Cheese Queen
For the longest time, the concept of Malaysian cheese was foreign to us. Then, Annisa Iwan moved to Malaysia and everything changed.
A huge fan of cheese, she spent five years learning to make cheese through trial and error. She was soon making so much cheese that she started her own brand, Milky Whey, to sell the dairy products.
Annisa makes 25 kinds of cheese almost single-handedly – she used to make over 30 – in her home in Desa Hartamas, Kuala Lumpur. It includes Brie, Camembert, blue cheese, smoked cheese, and specially-crafted cheese like cili padi gouda and Sarawak black pepper-studded goat cheese.
“People always want something new and I’m too happy to oblige because I love experimenting,” she says. Every cheese she makes is delicious and uses either cow’s milk from Perak or goat’s milk from Kelantan.
Annisa’s effect on the Malaysian F&B scene is nothing short of seismic – she supplies her homemade cheeses to major clients like the W Hotel, Alta Cafe, Sitka, Cellar 18 and Casa Latina. She also has regular clients who buy her products from her home.
To keep up with demand, she has built a new cheese room at home and is shoring up stock, so she can launch an e-commerce component of her business in 2019. By doing something few people thought possible, Annisa has inspired home cooks and chefs to learn cheese-making in Malaysia.
“There are a lot of people who want to make cheese now,” she says. “I feel like it’s becoming a trend because they know now that it’s possible.”
- Annisa Iwan makes up to 25 kinds of cheese, all with milk from local cows.
- Ong Ning-Geng bought a few cocoa farms to control the process of making his chocolates.
Chocolate King
Malaysians are passionate lovers of chocolate from Belgium and Switzerland but Malaysian-made chocolate is never really on local radars – which is something Ong Ning-Geng was looking to change when he launched his bean-to-bar company, Chocolate Concierge.
“We grow cocoa trees and Malaysians obviously love chocolate, so I thought I should connect the dots,” says Ong. “Someone should be making good chocolate from Malaysian cocoa, why not me?”
He set about finding the perfect local cocoa bean in to create a world-class chocolate. Realising that the cocoa fermentation process in Malaysia wasn’t ideal, he took the step of buying his own cocoa farm to control the process.
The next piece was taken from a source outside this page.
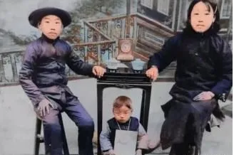 这张桌上摆个闹钟,小孩坐在小板凳上,两口子衣服乌亮,屋角的栏杆画得花,照相先生喊一二三别眨眼,眨不得,眨了就糊。

Then he purchased more farms and set up joint ventures with other local farms. He also works with orang asli from the Semai and Temuan groups, supplying them with free cocoa trees, teaching them how to grow the trees, then buying the cocoa back at three times the market value.
All that effort means Chocolate Concierge now produces a range of delicious truffles, chocolate bars, and Malaysian-themed chocolates like sweet laksa, onde-onde and teh tarik.
The brand’s popularity has surged and the single-origin chocolate can be found on the menus of fine-dining haunts like Dewakan, Entier, Bref, and even the Michelin-starred Nouri in Singapore.
In 2018, Ong and his Chocolate Concierge were recognised by the Michelin Guide in an article about the rise of Southeast Asian chocolatiers. To Ong, the accolades are fuelling his desire to spread awareness about the wondrous possibilities of Malaysian chocolate.
“I want to promote Malaysian cocoa as one that has a place globally,” he says. “The vision is to build a future for Malaysian cocoa.”